Литмир - Электронная Библиотека
Содержание  
A
A

Весла я уже посчитал — ровно сорок, но гребцов побольше. Кое-кто на скамье один, а кое-кто парой, как мы с Гиласом.

Справа, по противоположному борту, напротив Геракла сидят братья Кастор и Поллукс, именуемые Диоскурами. Оба одинаковые, как и Бореады. Кто из них кто, покамест не понял, но вроде бы, дети Зевса и, стало быть, приходятся Гераклу сводными братьями. Или у Диоскуров только один сын бога, а у второго отец земной?

Слева, напротив нас с Гиласом, разместилась Аталанта, за ней Тесей. За сыном Посейдона гребут одним веслом Автолик с Орфеем. Ну, в основном, трудится Автолик, потому что Орфей бегает туда-сюда, перенося кифару и свой голос сообразно дуновениям ветра. Остальных парней я пока не знаю. Разве что, затылком чувствую чьи-то пронзающие ненавидящие взгляды. Скосив глаза, убедился — да, прямо за мной сидят два Бореада, что буравят глазами, а потом Асклепий. Ладно, если сыновья ветра провертят дырку в моем затылке, то авось целитель меня и излечит. Еще где-то Пелий, но его не видно. Остальных ребят я не знаю, а крутить головой и расспрашивать Гиласа — вроде и неудобно.
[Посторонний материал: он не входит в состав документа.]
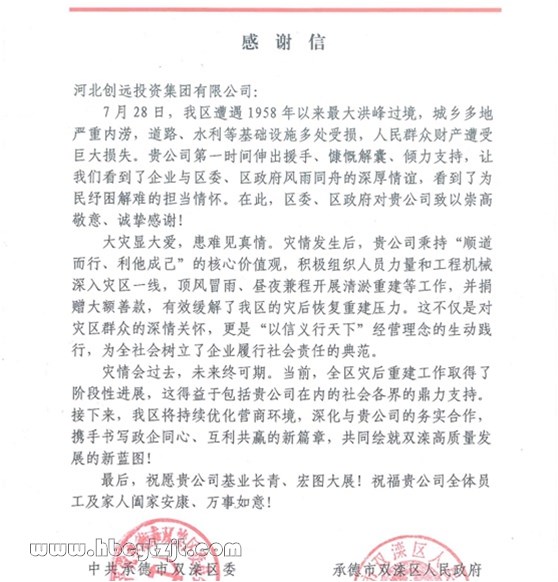 近日,承德市雙灤區(qū)區(qū)委、區(qū)政府向河北創(chuàng)遠(yuǎn)投資集團(tuán)發(fā)來感謝信,對(duì)創(chuàng)遠(yuǎn)集團(tuán)在今年抗洪搶險(xiǎn)期間第一時(shí)間伸出援手、與區(qū)委、區(qū)政府和當(dāng)?shù)厝罕婏L(fēng)雨同舟的深厚情誼,表達(dá)了誠摯的感謝。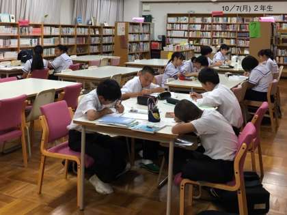 2日目に、大学生ボランティアと地域ボランティアの人数が足りなかった為、2年生と3年生が合同で、図書室で学習会を行うことになりました。学年の先生方も来てくださり、生徒が次々と質問をしたり、いつもより静かに真面目に取り組んでいました。3日間とも全学年時間を延長しましたが、最後まで集中しているようでした。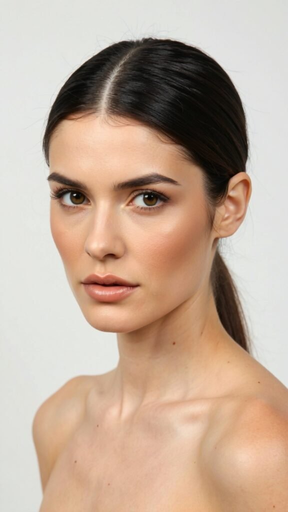 A high ponytail with a sleek middle part creates the perfect contrast of structure and lift. This style is sporty yet chic and works great for both casual and glam looks.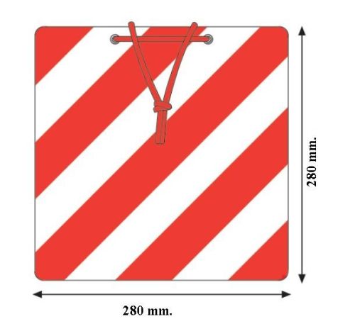 "28cm x 28cm x 1mm / Retroreflekterend / met 2 gaten + koord / Per stuk geleverd. Ingevolge een wetswijziging (Belgisch Staatsblad 09/09/2013 : Wijzigingen aan het Koninklijk besluit van 2 juni 2010 betreffende het wegverkeer van uitzonderlijke voertuigen), zijn de eigenschappen waaraan het paneel voor uitstekende ladingen (Om de lading die meer dan één meter buiten het achtereinde van het voertuig uitsteekt te signaleren) moet voldoen, gewijzigd. De retro-reflecterende rode en witte strepen voldoen aan de fotometrische en colorimetrische voorschriften van de internationale normen, zijnde retro-reflecterende strepen van van type 3 klasse C van Reglement nr.104"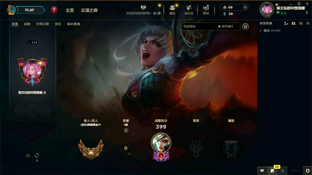 - 云顶段位: 英勇黄铜Ⅳ

Мне и хотелось побыстрее тронуться с места, но было грустно. И надо бы кого-то знающего спросить — что символизирует янтарь с насекомым внутри?

Глава шестая

Семейство Гиласа

— Моему отцу пришлось выплатить за мою мать целых три таланта серебра, — горделиво сообщил Гилас.

— У! — с уважением проговорил я, чтобы что-то сказать.

Три таланта — это вообще, много или мало? В памяти отчего-то застряла цифра, означающая, что талант равен двадцать шесть килограмм и сколько-то там грамм. И запомнилась не из справочников по метрологии, а из сноски в «Таис Афинской» Ефремова. Если взять двадцать шесть килограмм и умножить на три, то получится… семьдесят восемь килограмм. Много. Впрочем, величина таланта менялась. Одно дело эпоха Александра Македонского, другое дело времена аргонавтов. Вполне возможно, что нынче талант составляет килограмм, а то и меньше. Надо бы как-то узнать, но осторожно.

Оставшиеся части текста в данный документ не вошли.